Write the listing out again word for word. Pictures do not belong in the copy.

### The data
------------

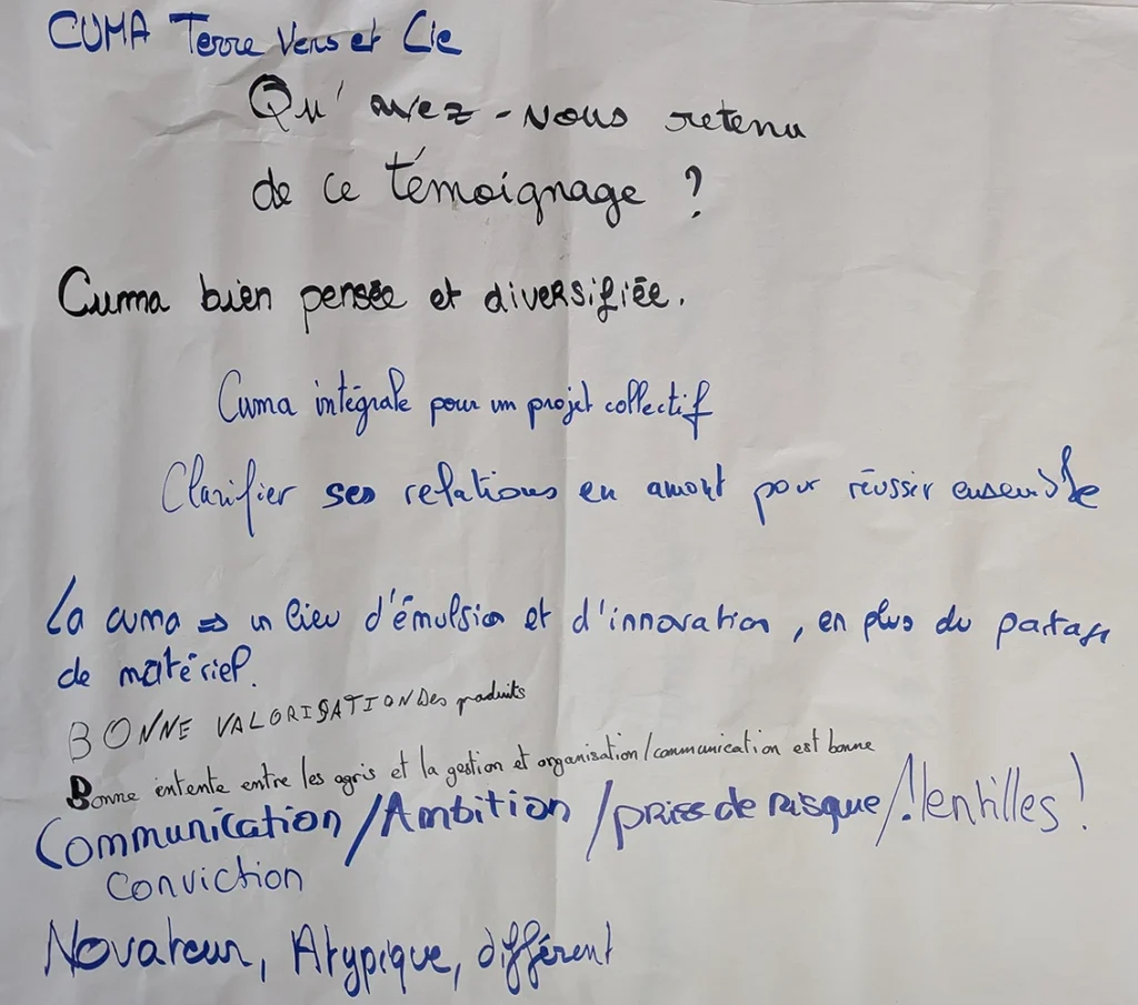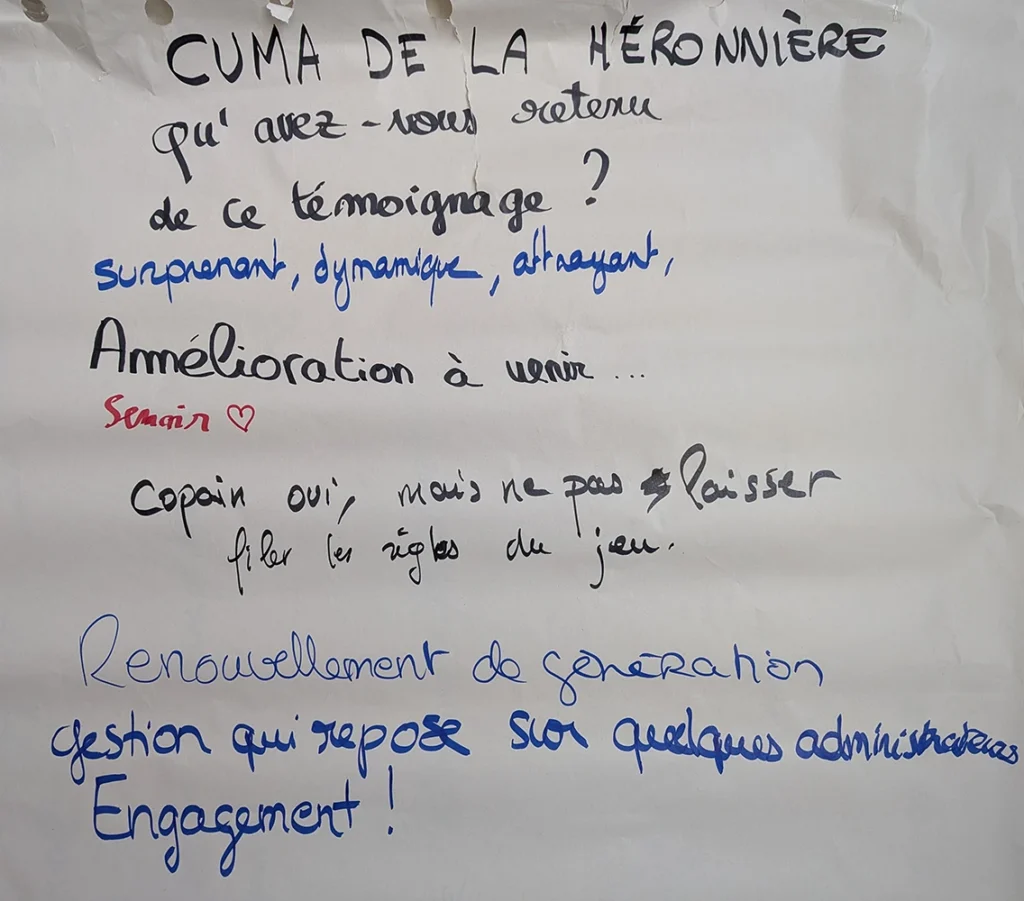 Sur chaque kiosque, c’est à chaque fois un double partage : les CUMA qui témoignent de leur organisation et de leurs projets nous inspirent, et les échanges avec les cumistes, les partenaires et les étudiantes et étudiants venus les écouter ouvrent de nouvelles portes, et invitent à réflechir à d’autres idées.
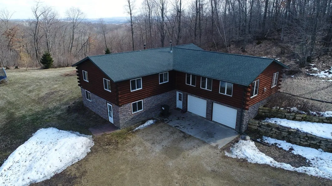 44 acres and beautiful home located in the hills of southern Eau Claire County. Located only 11 miles from Eau Claire, live in the country and have an easy commute to town. Home consists of 4 bedrooms, 2 bathrooms, and a stunning open concept kitchen/dining/living room area featuring custom hickory cabinets with slate and maple flooring. An attached 2 car garage, as well as a separate detached 3 car garage gives you plenty of space for toys and equipment. Acreage consists of some of the best hunting Eau Claire County has to offer. Property has several large ridges that create incredible deer habitat. Lots of great stand locations and some giant deer have been harvested in the neighborhood. Food plots are established as well as water holes, and a trail system will help you access the entire property on ATV.
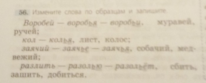 Муравей — муровья — муравьи, ручей — ручья — ручьи.
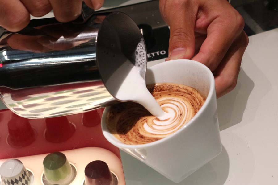 コーヒーが入ったカップに、フォームミルクをゆっくりとそそいでいきます
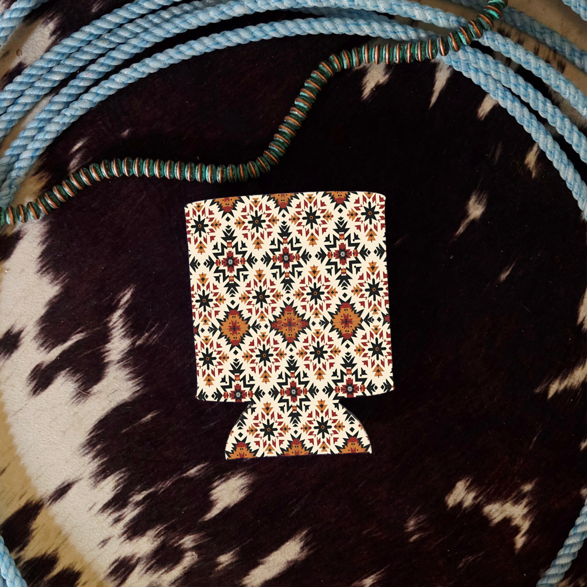 Bold, rugged, and full of Western flair — the Amarillo by Morning can cooler is made for those who love a little rodeo in their style. Featuring a warm desert-inspired Aztec pattern with deep rust, tan, and black tones, it’s a true nod to Texas roots and cowboy culture.
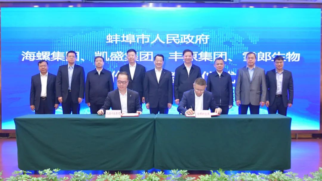 當(dāng)天上午,蚌埠市人民政府、海螺集團(tuán)、中建材玻璃新材料研究總院戰(zhàn)略合作協(xié)議,蚌埠市人民政府、海螺集團(tuán)、豐原集團(tuán)、雪郎生物戰(zhàn)略合作協(xié)議分別簽署。海螺集團(tuán)與凱盛科技集團(tuán),安徽自貿(mào)試驗(yàn)區(qū)蚌埠片區(qū)管委會(huì)與安徽國(guó)貿(mào)集團(tuán)分別進(jìn)行了簽約。
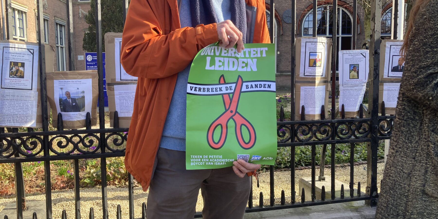 De actiegroep bestaat uit docenten en wetenschappers van de universiteit. Universitair docent Janna Houwen is een van de activisten die in gesprek ging met het CvB. “Wij zijn uitgenodigd door Luc Sels, de nieuwe bestuursvoorzitter, om te komen praten over het verbreken van de banden met Israël. Wij van Leiden Scholars for Palestine vinden dat we er erg lang op moeten wachten, het vorige bestuur heeft al twee jaar geleden belooft om een commissie hiervoor op te richten, wat vervolgens een jaar duurde. Wij wachten nu nog steeds op besluiten.”
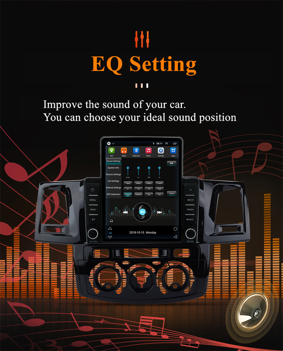 Setup | - WiFi/Hotspot/Bluetooth: Yes - Brightness level adjustable: Yes - Wallpaper: Wallpapers/Live Wallpapers/Gallery - Sound: Key Tone & Volume - Storage: Display Internal Storage/Nand Flash/Connected Device Storage - Apps: Running Apps display/force stop/uninstall - Security: Yes - Accounts: Yes - Languages and Input: more than 70 Languages and choose input method - Backup and Reset: Yes - Date and Time: Setting Date&Time by yourself or choose GPS/network-provided time - Accessibility: Yes - GPS: Yes, GPS application options/monitoring/sound mode/mixing ratio - Driving safety: Watching Video, Reversing X-mirror/Volume, Reversing Trajectory/radar Display, Rear view ruler - Amplifier: Rock/Pop/Jazz/Classic/Flat/Voice/Custom - Steering Wheel Control: Yes - About Device: Display Parameter Info. |

------------

### Written answer
 Sur chaque kiosque, c’est à chaque fois un double partage : les CUMA qui témoignent de leur organisation et de leurs projets nous inspirent, et les échanges avec les cumistes, les partenaires et les étudiantes et étudiants venus les écouter ouvrent de nouvelles portes, et invitent à réflechir à d’autres idées.
 44 acres and beautiful home located in the hills of southern Eau Claire County. Located only 11 miles from Eau Claire, live in the country and have an easy commute to town. Home consists of 4 bedrooms, 2 bathrooms, and a stunning open concept kitchen/dining/living room area featuring custom hickory cabinets with slate and maple flooring. An attached 2 car garage, as well as a separate detached 3 car garage gives you plenty of space for toys and equipment. Acreage consists of some of the best hunting Eau Claire County has to offer. Property has several large ridges that create incredible deer habitat. Lots of great stand locations and some giant deer have been harvested in the neighborhood. Food plots are established as well as water holes, and a trail system will help you access the entire property on ATV.
 Муравей — муровья — муравьи, ручей — ручья — ручьи.
 コーヒーが入ったカップに、フォームミルクをゆっくりとそそいでいきます
 Bold, rugged, and full of Western flair — the Amarillo by Morning can cooler is made for those who love a little rodeo in their style. Featuring a warm desert-inspired Aztec pattern with deep rust, tan, and black tones, it’s a true nod to Texas roots and cowboy culture.
 當(dāng)天上午,蚌埠市人民政府、海螺集團(tuán)、中建材玻璃新材料研究總院戰(zhàn)略合作協(xié)議,蚌埠市人民政府、海螺集團(tuán)、豐原集團(tuán)、雪郎生物戰(zhàn)略合作協(xié)議分別簽署。海螺集團(tuán)與凱盛科技集團(tuán),安徽自貿(mào)試驗(yàn)區(qū)蚌埠片區(qū)管委會(huì)與安徽國(guó)貿(mào)集團(tuán)分別進(jìn)行了簽約。
 De actiegroep bestaat uit docenten en wetenschappers van de universiteit. Universitair docent Janna Houwen is een van de activisten die in gesprek ging met het CvB. “Wij zijn uitgenodigd door Luc Sels, de nieuwe bestuursvoorzitter, om te komen praten over het verbreken van de banden met Israël. Wij van Leiden Scholars for Palestine vinden dat we er erg lang op moeten wachten, het vorige bestuur heeft al twee jaar geleden belooft om een commissie hiervoor op te richten, wat vervolgens een jaar duurde. Wij wachten nu nog steeds op besluiten.”
 Setup | - WiFi/Hotspot/Bluetooth: Yes - Brightness level adjustable: Yes - Wallpaper: Wallpapers/Live Wallpapers/Gallery - Sound: Key Tone & Volume - Storage: Display Internal Storage/Nand Flash/Connected Device Storage - Apps: Running Apps display/force stop/uninstall - Security: Yes - Accounts: Yes - Languages and Input: more than 70 Languages and choose input method - Backup and Reset: Yes - Date and Time: Setting Date&Time by yourself or choose GPS/network-provided time - Accessibility: Yes - GPS: Yes, GPS application options/monitoring/sound mode/mixing ratio - Driving safety: Watching Video, Reversing X-mirror/Volume, Reversing Trajectory/radar Display, Rear view ruler - Amplifier: Rock/Pop/Jazz/Classic/Flat/Voice/Custom - Steering Wheel Control: Yes - About Device: Display Parameter Info. |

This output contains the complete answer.